*** Block opens ***

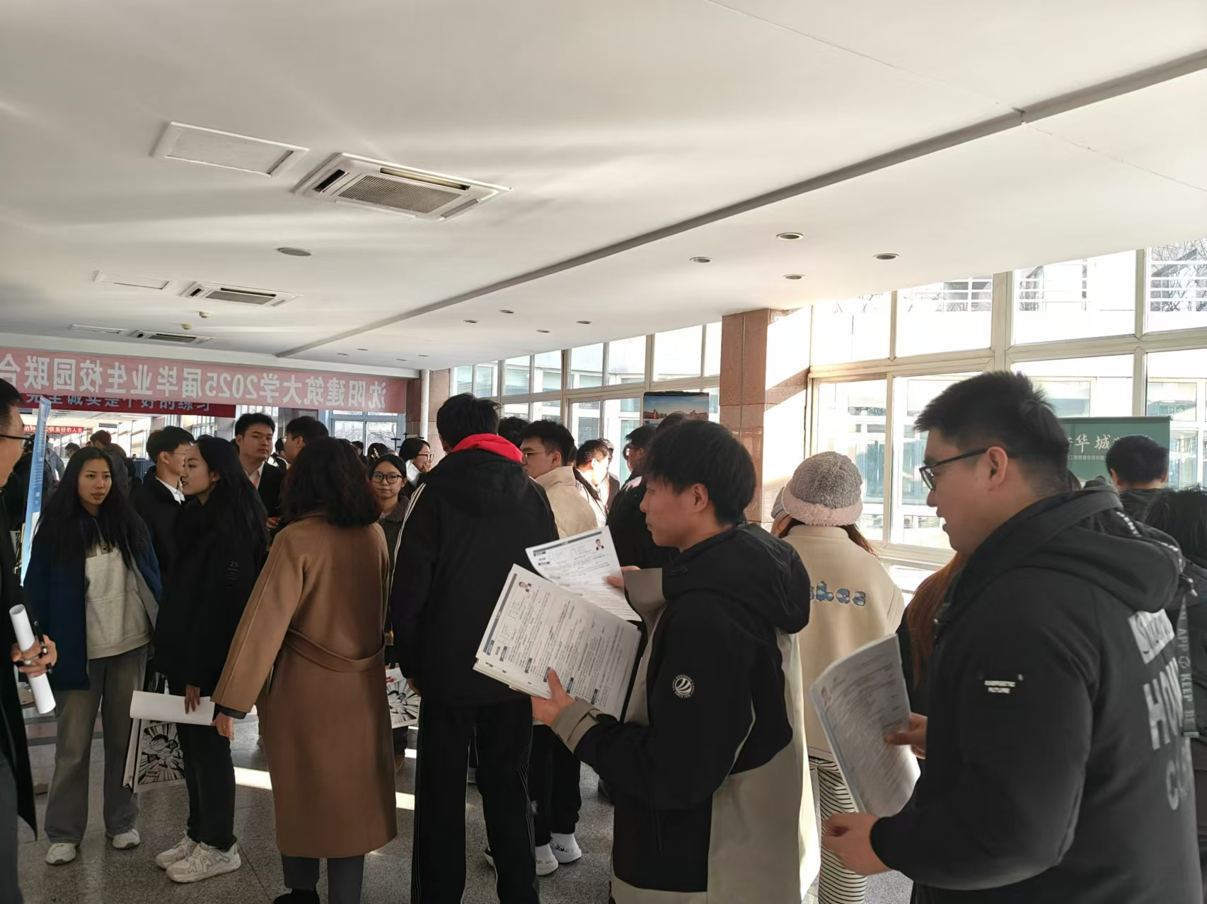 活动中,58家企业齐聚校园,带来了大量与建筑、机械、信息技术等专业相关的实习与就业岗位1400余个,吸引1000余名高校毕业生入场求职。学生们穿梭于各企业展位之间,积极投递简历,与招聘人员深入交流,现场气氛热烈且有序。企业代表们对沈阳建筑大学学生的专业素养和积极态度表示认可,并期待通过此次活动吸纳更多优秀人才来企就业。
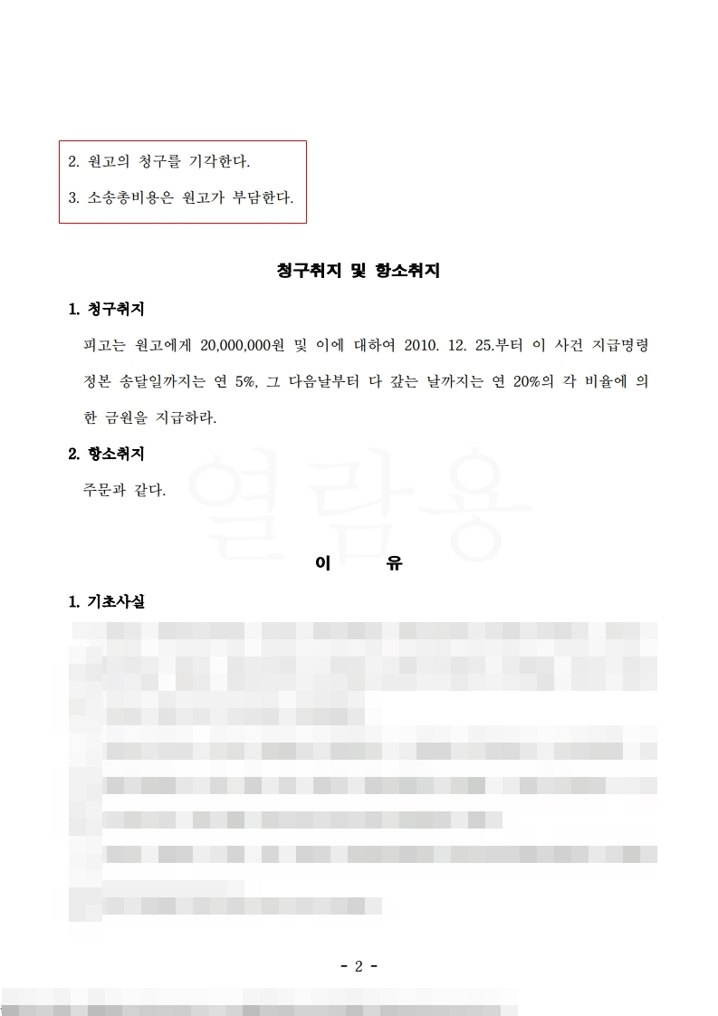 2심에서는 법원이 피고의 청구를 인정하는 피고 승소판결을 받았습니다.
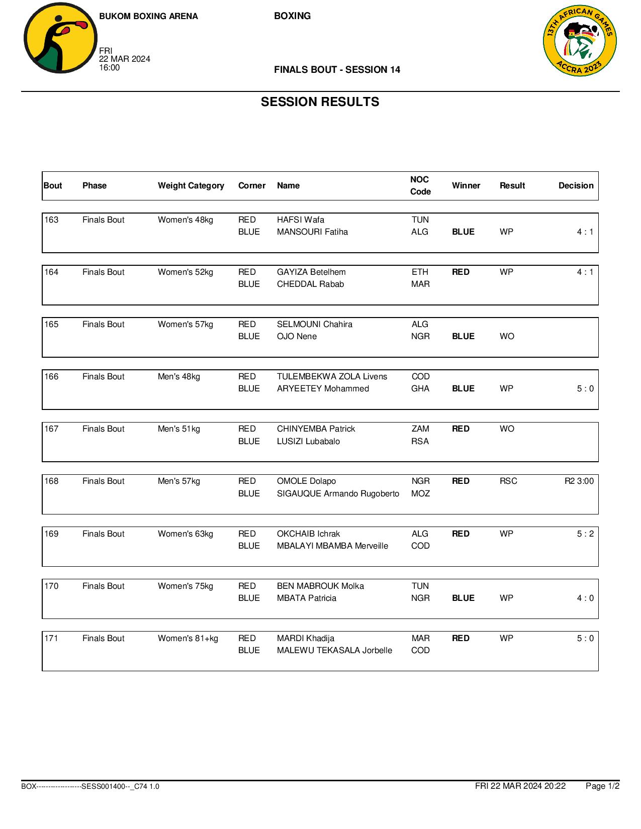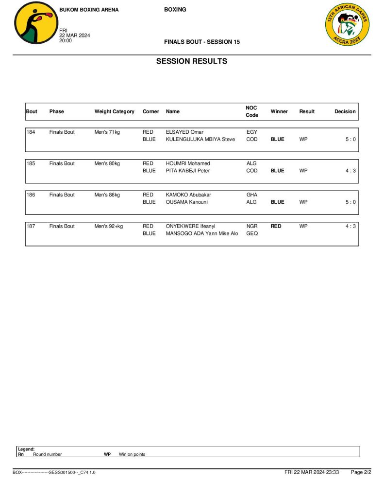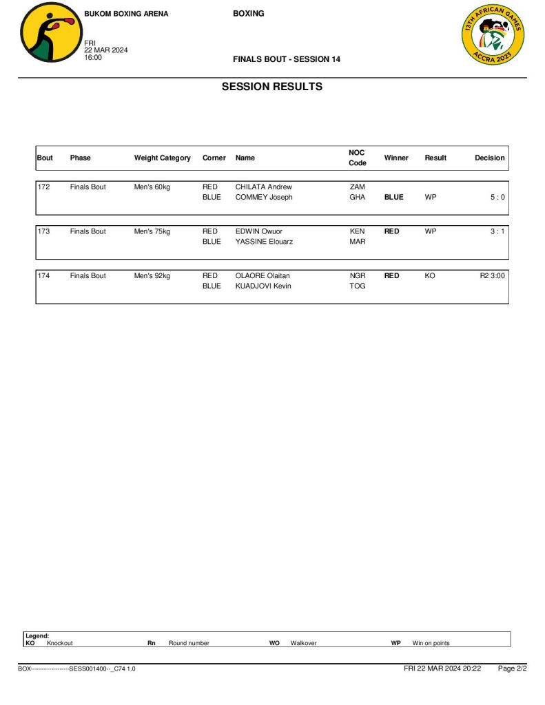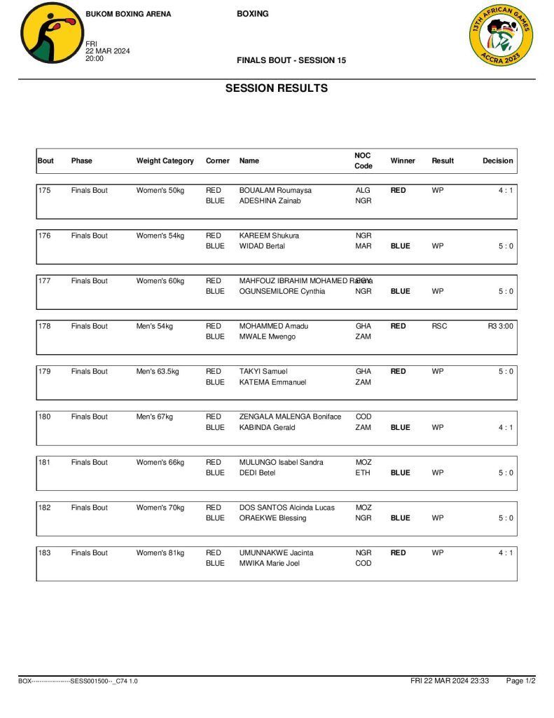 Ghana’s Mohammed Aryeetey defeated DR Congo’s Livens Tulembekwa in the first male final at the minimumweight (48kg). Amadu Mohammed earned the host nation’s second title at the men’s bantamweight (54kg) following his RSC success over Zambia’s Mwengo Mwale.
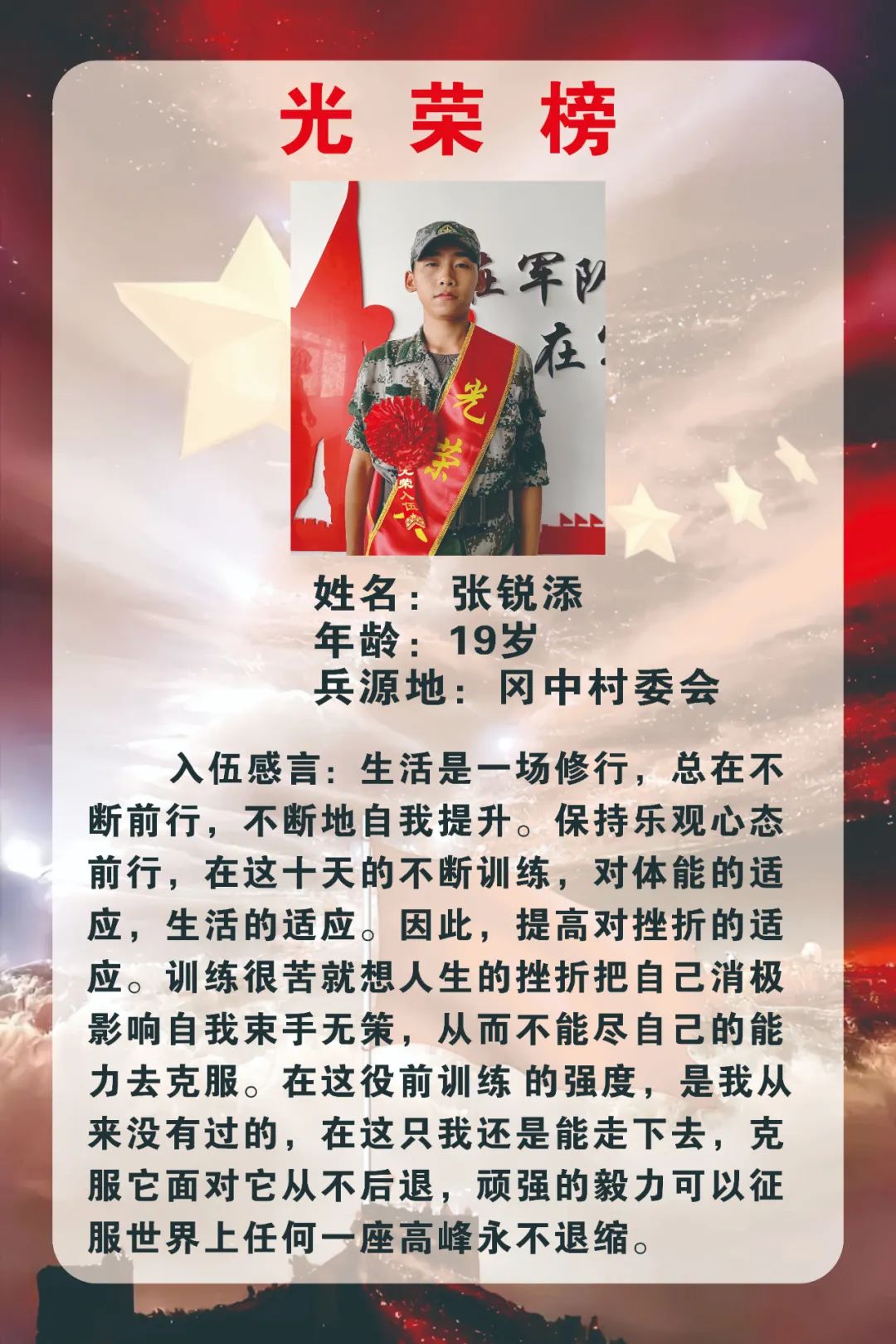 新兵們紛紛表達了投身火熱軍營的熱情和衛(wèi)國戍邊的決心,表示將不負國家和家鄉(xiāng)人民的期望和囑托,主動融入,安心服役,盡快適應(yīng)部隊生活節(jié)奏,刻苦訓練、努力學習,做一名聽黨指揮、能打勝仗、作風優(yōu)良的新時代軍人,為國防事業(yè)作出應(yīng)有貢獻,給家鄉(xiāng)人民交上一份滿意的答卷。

*** Block closes ***

§ Task details: Copy the whole of the material above exactly, but not its images.

§ Your response:
 活动中,58家企业齐聚校园,带来了大量与建筑、机械、信息技术等专业相关的实习与就业岗位1400余个,吸引1000余名高校毕业生入场求职。学生们穿梭于各企业展位之间,积极投递简历,与招聘人员深入交流,现场气氛热烈且有序。企业代表们对沈阳建筑大学学生的专业素养和积极态度表示认可,并期待通过此次活动吸纳更多优秀人才来企就业。
 2심에서는 법원이 피고의 청구를 인정하는 피고 승소판결을 받았습니다.
 Ghana’s Mohammed Aryeetey defeated DR Congo’s Livens Tulembekwa in the first male final at the minimumweight (48kg). Amadu Mohammed earned the host nation’s second title at the men’s bantamweight (54kg) following his RSC success over Zambia’s Mwengo Mwale.
 新兵們紛紛表達了投身火熱軍營的熱情和衛(wèi)國戍邊的決心,表示將不負國家和家鄉(xiāng)人民的期望和囑托,主動融入,安心服役,盡快適應(yīng)部隊生活節(jié)奏,刻苦訓練、努力學習,做一名聽黨指揮、能打勝仗、作風優(yōu)良的新時代軍人,為國防事業(yè)作出應(yīng)有貢獻,給家鄉(xiāng)人民交上一份滿意的答卷。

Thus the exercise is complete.